In this way, corecore can very much be seen as a representation of the current social zeitgeist – disillusionment with 21st century reality.
Despite this, for a genre that formed as a result of satirising microgenres and internet aesthetics, corecore risks collapsing under its own contradictions.
Perhaps ironically, corecore’s function as an art form and, most importantly, an anti-trend, is arguably being ruined by its trendiness. Yes - very meta.
Corecore exists within the same echo chamber that it works so hard to escape, and with that comes the natural consequences of its popularisation.
People make TikTok profiles dedicated to curating corecore material, yet encourage likes and engagement by promising ‘face reveals’ once they hit a certain amount of followers. It becomes, ironically, an ode to trend culture, despite claiming to defy it.
What’s more, the race to produce corecore videos and participate in creating trendy content dilutes the genre’s original purpose. As one Youtuber argues, “corecore is something so unique, exclusive to the internet babies of our day and age, [but] is being wasted due to that very same generation's habit of running things to the ground for the sake of internet points."
He continues to argue that corecore is quickly becoming divorced from its political roots - its videos becoming lazy attempts to evoke a feeling that usually boils down to something like “she left and took the kids.”
One TikToker, Matt Lorence, argues that “people are taking this movement with strong political ideologies, detaching it from that, and turning it into a soulless and meaningless aesthetic trend."
Despite still offering a somewhat cathartic emotional experience, any divorcing of corecore from its central underpinnings means there can never be a meaningful art movement attached.

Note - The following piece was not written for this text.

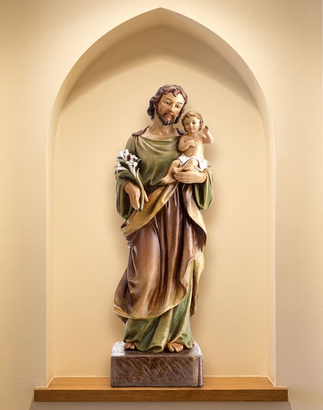 This hand painted classic figurine of Saint Joseph and the Divine Child will bring inspiration to wherever you display it: an alcove, a greeting spot for visitors, or as the central figurine in your home shrine or in a chapel. Approximately 22" tall, resin.

However, for many, corecore’s sheer potential is enough. Its ability to act as a critique towards social and political issues has meant the trend is considered by many to be a genuine art form curated by Gen Z.
Many find Dada-esque qualities within it – after all, is it not similar to how Dadaist artists reacted to the horrors of WWI?
While previous generations composed mixtapes, art installations, or collages from old magazines, the digital generation is simply using the medium they’ve grown up with: online content.
As a report by Yahoo claims, “[corecore] is how contemporary meme-makers respond to the horrifying realization that we are all addicted to scrolling through short-form videos. And it’s how the internet will react again, the next time the world feels a bit too dystopian.”
No matter the dilution of the corecore genre, there is no denying that it lends itself to contemporary ennui in a way that remains rooted in artistic practice. Press-Reynolds believes corecore to be a genuine movement, although not in the traditional sense - "the videos are simple but they have a lot of emotional expression — or if they don't, that's still expressing something, the absurd realness of vibelessness."
After all, what does art do if not attribute meaning to the seemingly meaningless experiences we have as humans? Perhaps then, the meta-output that is corecore is not so meta after all.